6For Fromond see BF’s letter above of Aug. 11, and for de Saussure XIX, 324 n. Aepinus (above, VIII, 393 n) had published his Tentamen theoriae electritatis et magnetismi in St. Petersburg in 1759. Beccaria’s latest work, Elettricismo artificiale, to which the paragraph number refers, was an expansion of his earlier Dell’ elettricismo artificiale, e naturale … (Turin, 1753).
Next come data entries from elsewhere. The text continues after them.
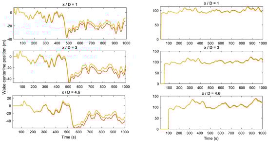 Wake centre-line offset on the y-axis (left) and z-axis (right). Note: The red line means control with ; The yellow line means the combination control with .
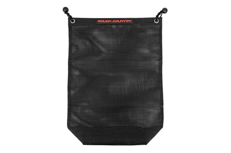 Multiple Use Bag. You're »out in the wilderness, exploring nature and soaking yourself in all that is great about life. You don't want to carry around trash in the back of your UTV/ATV that falls out while you are flying down the trails. Or maybe you need some extra storage for your gear. The Rough Country Mesh Trail Bag has multiple uses, making it perfect for keeping you organized when hitting the trail. Use it as a trash bag, trail-gear bag, or an additional storage compartment. Rough Country Mesh Trail Bags will help haul all your gear or trash wherever the trail takes you. Durable Material. »The Rough Country Mesh Trail Bag is your go-to accessory for hikes, kayaking, and camping trips. It's made from PVC mesh material, which makes for an easy clean-up after your day on the trails. Each bag is also equipped with high capacity ball style bungee straps for secure mounting, and with a large 9.5-gallon capacity, you'll have plenty of room for everything you need for a full day of riding. Its tough construction can handle whatever mess you throw in there, making it easier to pack out whatever you bring along on your trip.
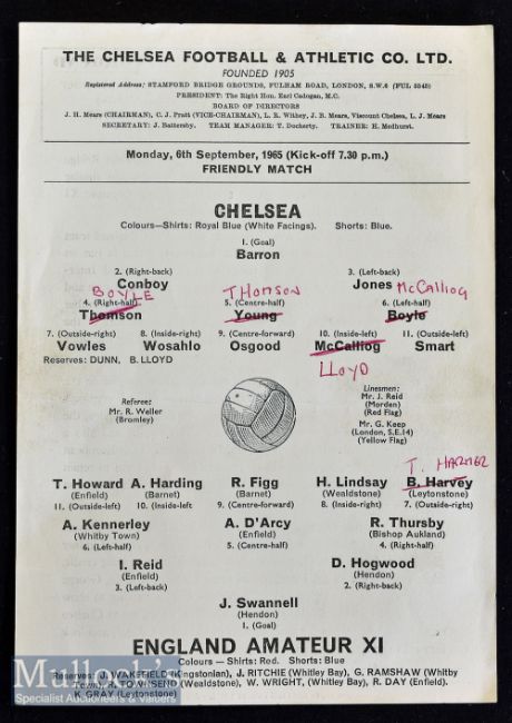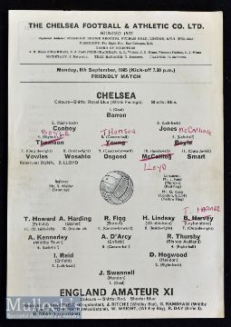 1965/66 Chelsea v England Amateur XI Friendly football programme date 6 Sept^ single sheet^ team changes^ light folds and creases o/w in good condition
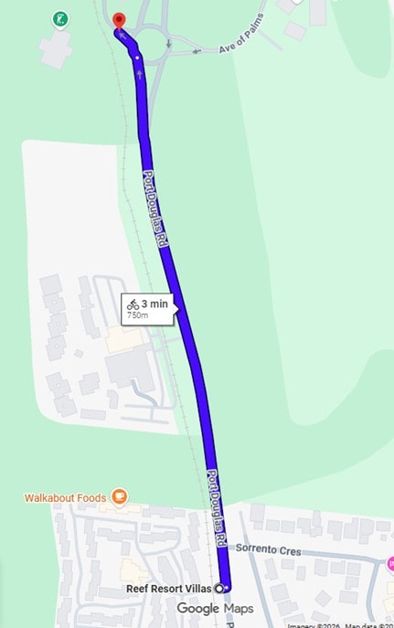 - 740 metres from Mirage Country Club to the entrance to Reef Resort Villas.
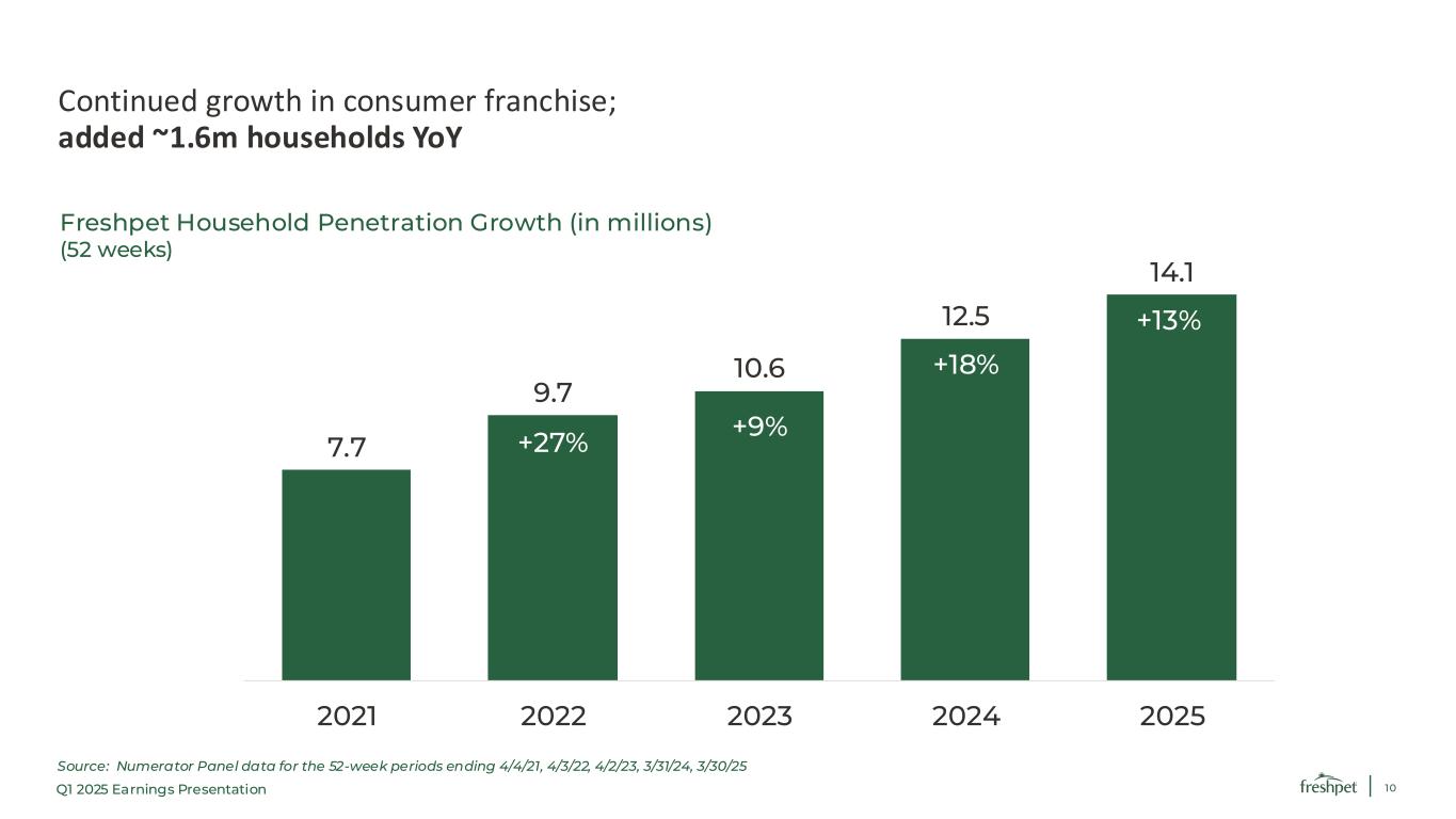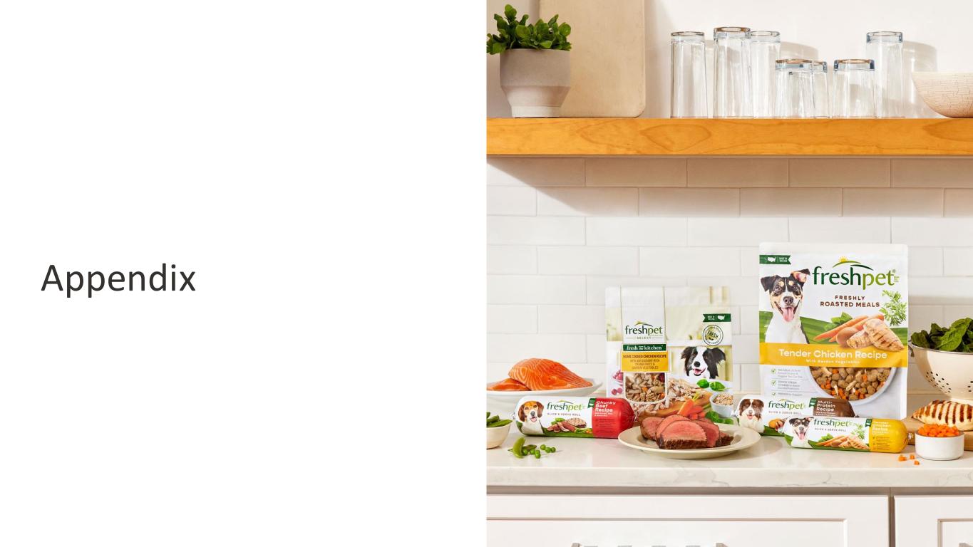 Q1 2025 Earnings Presentation 9 Vast runway for growth in a growing category 1. NIQ Total US Pet Food $ - OmniChannel by Category 52 Weeks Ended 3/29/25 2. NIQ Brick & Mortar Customers (defined as XAOC + Pet) 52 Weeks Ended 3/29/25, Gently Cooked Fresh/Frozen Branded Dog Food $54B U.S. pet food category1 $37B Dog food category1 3.5% Freshpet market share of dog food1 Freshpet market share of fresh/frozen in measured channels2 96%
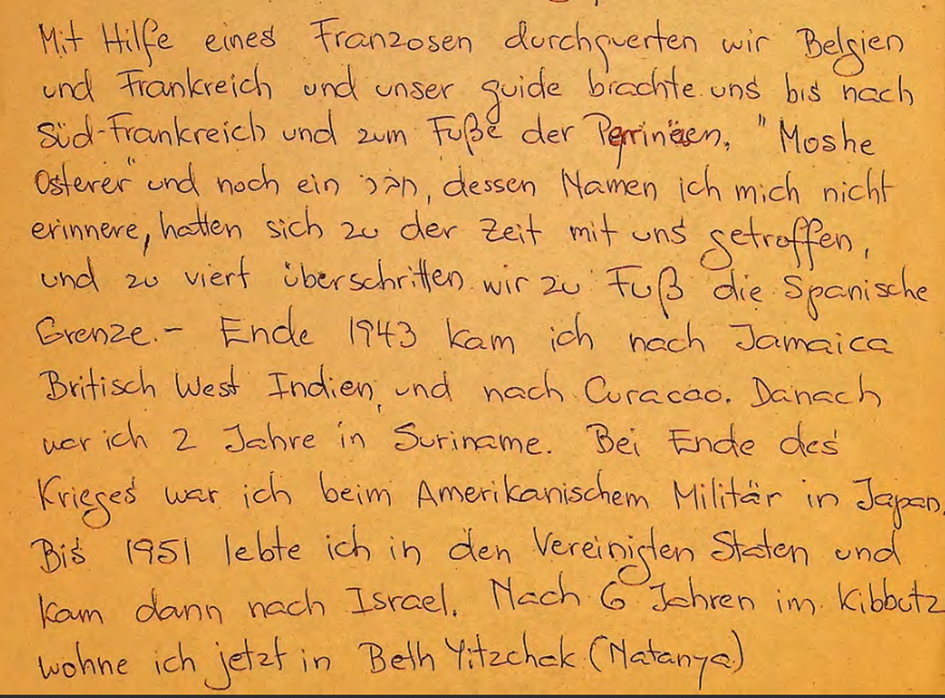 Geführt von Rik, einem belgischen Bergführer, machen sich die vier Chawerim Willi Gerler, Heinz Sechestower, Mosche Osterer und Fritz Bachrach auf den Weg über Paris, Bordeaux, Bayonne nach „Lille Ste Egue“ (St. Jean de Luz?). Sie reisen mit Hilfe des Westerweel-Netzwerks mit gefälschten Papieren – Willi Gerler als Jan Jansen, Heinz Sechestower als Peter Storm und Moshe Osterer als Hendrik van Putten
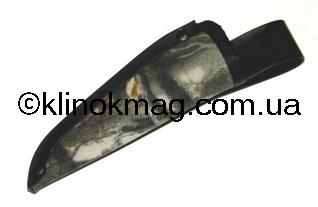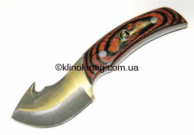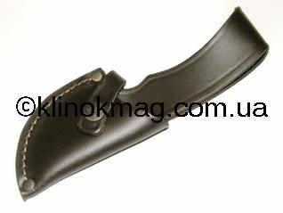 Начнем, пожалуй, с самого необычного ножа — модель 511372 по каталогу «Carl Linder» — классический охотничий скинер, оснащенный шкуросьемным крюком. Нож имеет относительно небольшой и широкий клинок. Спуски — чуть меньше 1/2 клинка, массивная деревянная рукоять с небольшими анатомическими выемками под пальцы. Удобное углубление под палец на обухе. Материал клинка 440 сталь. Ножны из натуральной кожи, прошиты и в двух местах усилены заклепками. Обычная петля для вертикального подвеса ножа. Нож дополнительно фиксируется хлястиком на кнопке. Почему-то вспоминается диснеевский мультик «Вини и Слонотоп». Так вот это и есть Слонотоп (фото 11-12).
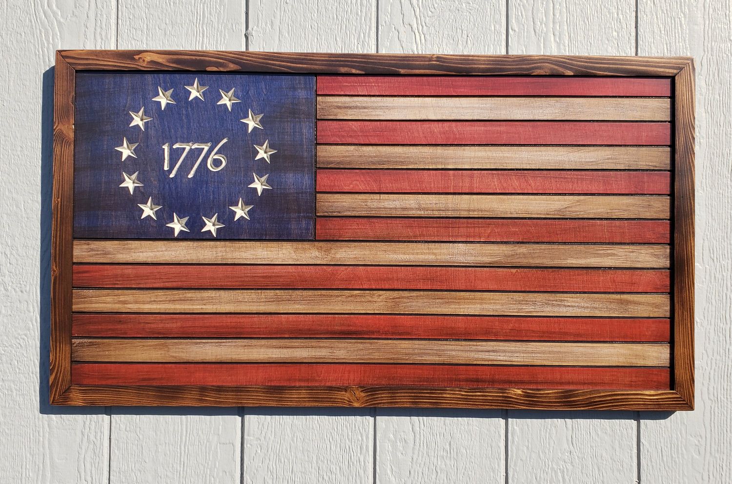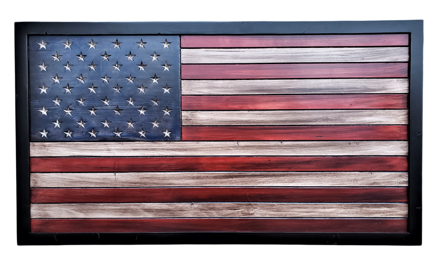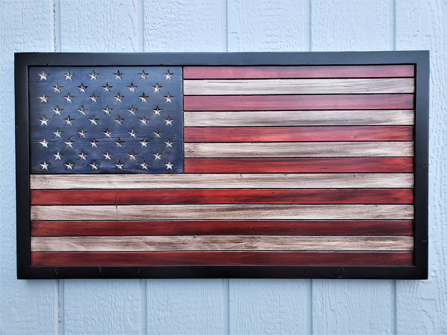 This flag features a separate wooden frame and installed hanging wire for mounting. The removable wooden frame allows room for expanding and contracting of the wood without breaking the frame and allows for an upgraded custom carved frame or a frame replacement in the event the frame is damaged.
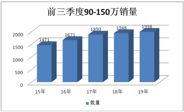 1)2015年1—9月份到2019年1-9月份,对价格在90万-150万之间的销售情况分析可知,此区间的客车销售各个年份都呈现上升趋势,尤其是2015年增幅最大。近5年来前三季度价格在90-150万区间客车销量增长和增幅情况(表4)
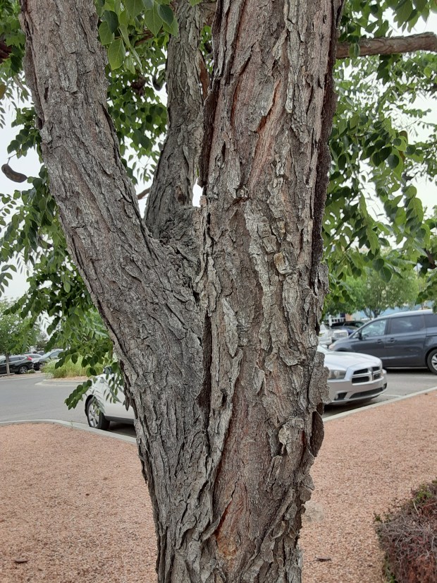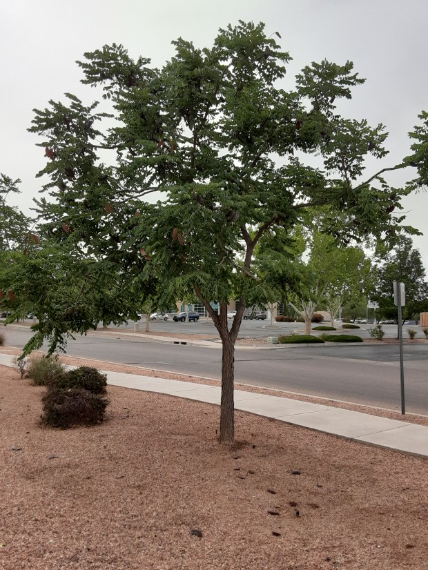 As luck would have it, I found myself once again in northABQ with a bit of quality time on my hands, so Luna and I set off on the 2 mile round-trip walk to revisit my beloved Kentucky Coffeetrees. It was a rediscovery of sorts and a surprise to find the 2 female trees had progressed way beyond blooming! Fully leafed out, they were showing off newly developing, soft as suede seed pods!
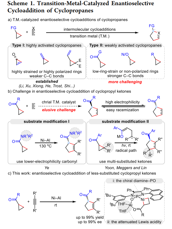 过渡金属催化的环丙烷与π-不饱和化合物的对映选择性环加成反应是构建手性环戊烷和环戊烯等环状结构的高效策略,在药物化学领域具有广泛应用。然而,环丙烷的高C-C键能使其活化面临巨大挑战,现有的对映选择性环加成反应主要局限于需要多步底物合成的分子内过程。对于环丙基酮这类弱活化环丙烷,由于酮羰基的亲电性容易在高温或路易斯酸催化下导致手性α-叔碳中心的外消旋化,实现高对映选择性的分子间环加成一直是个长期挑战。虽然已有研究通过底物修饰或光催化策略取得进展,但开发适用于普通环丙基酮的高效催化体系仍是一个难题。

The experiment of Georg Richmann, the Swedish scientist, is described in Priestley, History, pp. 337–8.

7For Cavendish’s paper in 1771, which consisted of a series of mathematical propositions and corollaries, see above, XIII, 544 n and Arthur J. Berry, Henry Cavendish: His Life and Scientific Work ([London, etc., 1960]), pp. 92–5.

8Aepinus’ account of Richmann’s experiment, Beccaria had written, “è per lo manco imperfettisima.” The statement was omitted in the translation that was the subject of BF’s letter and of this reply. So was the note that follows and the emendation of Paragraph 992 below, both of which refer to the plates in Elettricismo artificiale.

9Beccaria’s long emendation is marked in the margin, “numeri da sostituirsi,” or paragraphs that should be substituted; he presumably intended to combine them in a single numbered paragraph. For “vindicating electricity” see above, XIV, 49–57, and Beccaria, A Treatise upon Artificial Electricity … (London, 1776), pp. 393–419.

1This letter was also in answer to BF’s of Aug. 11, and internal evidence suggests that it was the later of the two. It exists in two incomplete drafts, of which we have printed the longer; the shorter contains the same first four paragraphs in slightly abbreviated form, and then adds a sentence that is not in the other: “Quando io ho scritto di athmosfera elettrica nel 17[..], e mi sono attribuito le scoperta di quella parte di legge, io ignorava affatto, che altri ne avesse scritto, nemmeno avea veduto le vostre sperienze attorno all’ atmosfera de’ cannoni.” “When I wrote about atmospheric electricity in 17[..] and attributed to myself the discovery of some of its laws, I was quite ignorant that others had written about it; and I had not heard of your experiments with the atmosphere of tubes.” Beccaria was presumably referring to his work in 1753. BF’s experiments were actually performed in 1755; see above, V, 516–19.

2Made by Jesuits in Pekin, forwarded by them to the Imperial Academy in St. Petersburg in 1755, and published in its transactions. See Beccaria’s Treatise cited above, p. 404; above, XIV, 49 n.

3Beccaria seems to be referring to the effect of a spark on changing the magnetic direction of a needle, a point that he discusses in idem., pp. 306–7. The translator of the Treatise appended a note on that passage that is also relevant to this one: “If the above paragraph, on the contents of which the author seems to lay a particular stress, had been more clearly expressed in the original, the translation of it would also have been somewhat clearer.”

4All that is apparent in this passage, at least to us, is that Beccaria was referring to what he called the “Franklin square,” a sheet of glass coated on both sides with lead, with which he had experimented; see the Treatise, p. 76. BF’s description of the square is above, III, 356–7.

5The reviewer, in addition to the comments quoted above on Beccaria’s style, suggested that his work was largely derived from experiments in England, where the apparatus was more sophisticated and the scientists were further advanced than in Italy.

6Priestley’s account of the electrometer is printed above, XVII, 259–63. Beccaria changed “Elsmey” later in the letter to “Ensnley”—an advance toward his goal of Henly, which his translator finally achieved in the Treatise, p. 444 n. The MS sketch of the electrometer is in Pace, op. cit., p. 377.

7In “alcune linee” Beccaria presumably had in mind some multiple of the Paris line, a unit of measurement that was slightly less than a tenth of an inch.

8Beccaria was responding to BF’s request, in his letter above of Aug. 11, for engravings to illustrate the translation. See BF’s reply below, March 20, 1774.